See dcg for more information about this convenient formalism!
?- listing(abs//0), listing(abs_rest//0). You can take its output, hand it to your instructor, and know that there is a better solution that you probably are not allowed to use, because why use a fitting formalism when there is a more complex way to express the same thing too? –
Medamedal listing/1 to make your Prolog system output the lower-level code that you can use as well.
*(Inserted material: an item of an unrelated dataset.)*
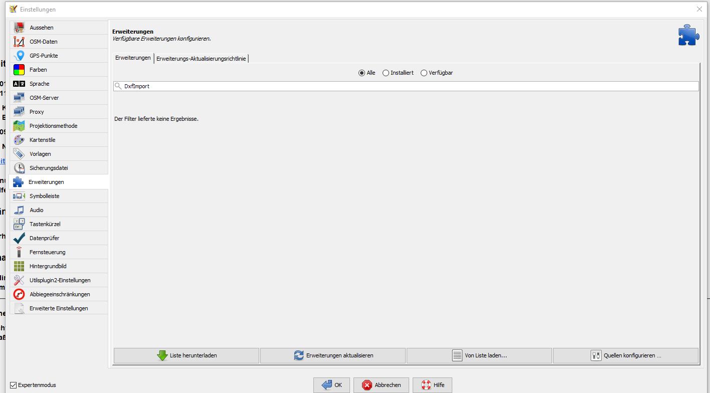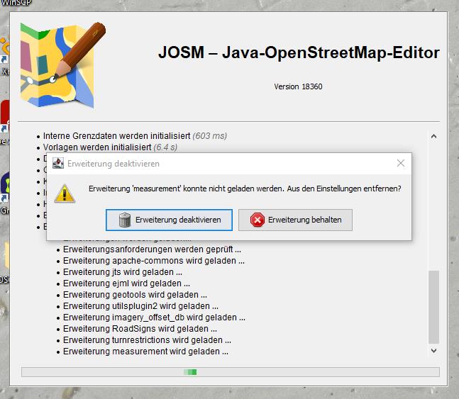 But I am unfortunatly not able to manually update measurement, the same with any other plugin. I still receive no entry in the download list, after clicking the button 'Erweiterungen installieren' (for this I marked 'measuremant' from the 'available' list, not from the 'installed' plugins). I get the response that all installed plugins are up to date and JOSM does not need to download a newer version.

Internally, your system compiles the DCG down to plain Prolog, and you can inspect the generated code with listing/1 (if your system provides it). –
Medamedal I agree with @mat that one should use dcg when possible for these type of problems.
Here is a different set of rules.
abs --> [a].
abs --> [a,b].
abs --> [a,b], abs.
?- phrase(abs, Ls).
Ls = [a] ;
Ls = [a, b] ;
Ls = [a, b, a] ;
Ls = [a, b, a, b] ;
Ls = [a, b, a, b, a] ;
Ls = [a, b, a, b, a, b] ;
Ls = [a, b, a, b, a, b, a] ;
Ls = [a, b, a, b, a, b, a, b] ;
Ls = [a, b, a, b, a, b, a, b, a]
Interestingly those rules started from this variation
abs2 --> [].
abs2 --> [a].
abs2 --> [a,b], abs2.
?- phrase(abs2, Ls).
Ls = [] ;
Ls = [a] ;
Ls = [a, b] ;
Ls = [a, b, a] ;
Ls = [a, b, a, b] ;
Ls = [a, b, a, b, a] ;
Ls = [a, b, a, b, a, b] ;
Ls = [a, b, a, b, a, b, a] ;
Ls = [a, b, a, b, a, b, a, b]
which is one of the exercises from Using Definite Clause Grammars in SWI-Prolog
If you prefer not to use DCG, then I agree with @mat and suggest that you use listing/1 to see the DCG in standard Prolog syntax.
listing(abs).
abs([a|A], A).
abs([a, b|A], A).
abs([a, b|A], B) :-
abs(A, B).
listing(abs2).
abs2(A, A).
abs2([a|A], A).
abs2([a, b|A], B) :-
abs2(A, B).
As normal Prolog rules they can be used as such:
abs(X,[]).
X = [a] ;
X = [a, b] ;
X = [a, b, a] ;
X = [a, b, a, b] ;
X = [a, b, a, b, a] ;
X = [a, b, a, b, a, b] ;
X = [a, b, a, b, a, b, a]
abs2(X,[]).
X = [] ;
X = [a] ;
X = [a, b] ;
X = [a, b, a] ;
X = [a, b, a, b] ;
X = [a, b, a, b, a] ;
X = [a, b, a, b, a, b]
Using Definite Clause Grammars in SWI-Prolog. I added the link for that to show that there are other similar problems, that's basically the reason for the link. –
Larena The predicate you wrote is too general:
?- ab([b,a]).
true
The cause is the following rule
ab([b,a|T]) :-
ab([a|T]).
One could say that you describe an intermediate result which is no solution to your actual problem. To fix this, you could state than an ab sequence starts with a and the rest bust be a ba sequence, where ba sequences are again defined in terms of ab sequences:
ab([a]).
ab([a|Xs]) :-
ba(Xs).
ba([b]).
ba([b|Xs]) :-
ab(Xs).
Alternatively, you could think of abs as a state machine which
produces a whenever the last element was b and vice versa.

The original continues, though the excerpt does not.